SF-MCP-002: overbroad tool permission or filesystem scope

What triggers it

A tool definition that grants more reach than its purpose needs: a filesystem root broader than the task requires, a network scope with no host restriction, or a tool that exposes a destructive action without a guard.

Why it matters

An agent that can be prompted into calling a tool inherits that tool's reach. An overbroad filesystem root or an unrestricted network scope turns a prompt injection into real-world access. Scope each tool to the minimum it needs.

How to fix it

Narrow each tool's filesystem root, host allowlist, and action set to the minimum the tool's job requires. Treat the tool's granted scope as the blast radius of a successful prompt injection.
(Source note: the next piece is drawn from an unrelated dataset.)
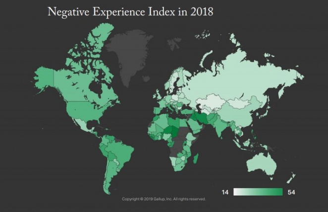 Также людей опрашивали по поводу негативных эмоций. У них уточняли, испытывали ли они беспокойство или стресс, грусть или гнев. Чаще всего с негативным опытом сталкивались в Чаде (уровень индекса негатива достиг цифры 54) и меньше всего в Тайване (уровень негатива — 14). Например, в Казахстане уровень негатива — 17, Польше — 18, а Латвии — 19.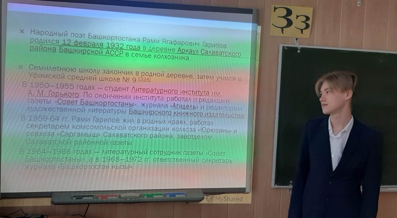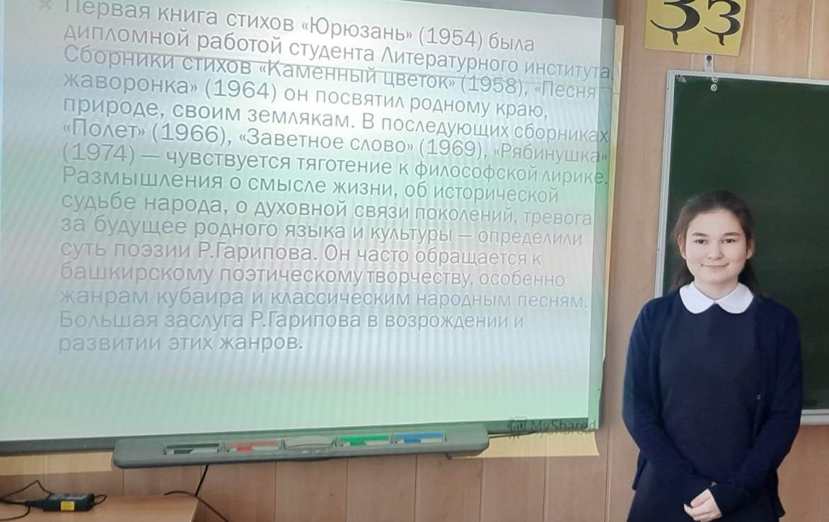 Урок посвященный жизни творчеству народного поэта Республики Башкортостан Рами Гарипова. В нынешнем году Республика Башкортостан отмечает 90-летие со дня рождения Рами Гарипова.

SF-MCP-003: inline secret or cleartext endpoint in an MCP definition

What triggers it

An MCP server or tool definition that carries a secret inline (an API key or token embedded in the definition) or points at a cleartext (http://) endpoint.

Why it matters

A secret in a definition is a secret in source: it leaks wherever the definition travels, and it cannot be rotated without a redeploy. A cleartext endpoint exposes the tool's traffic, including whatever the agent sends it, on the wire.

How to fix it

Move the secret out of the definition into a managed credential store and reference it indirectly. Use an https:// endpoint with a valid certificate chain. See CWE-798 for the hardcoded-credential class.

Tuning

  • SF-LLM-SANITIZE-001 is a taint finding: it emits only when the engine connects a recognized model-output source to a recognized sink with no sanitizer on the path. A custom sanitizer the rule does not recognize will produce a finding the calibration may then route into the SF-AI-TRIAGE-001 likely-false-positive cluster. Document a genuine audited exception inline with a dated suppression so it expires.
  • The SF-AI-TRIAGE findings are advisory re-rankings and do not gate the exit code on their own. The underlying base findings keep their own severity and gating.
  • SF-MCP-000 is informational inventory and does not count toward the exit-code gate. SF-MCP-001 through 003 are gating findings.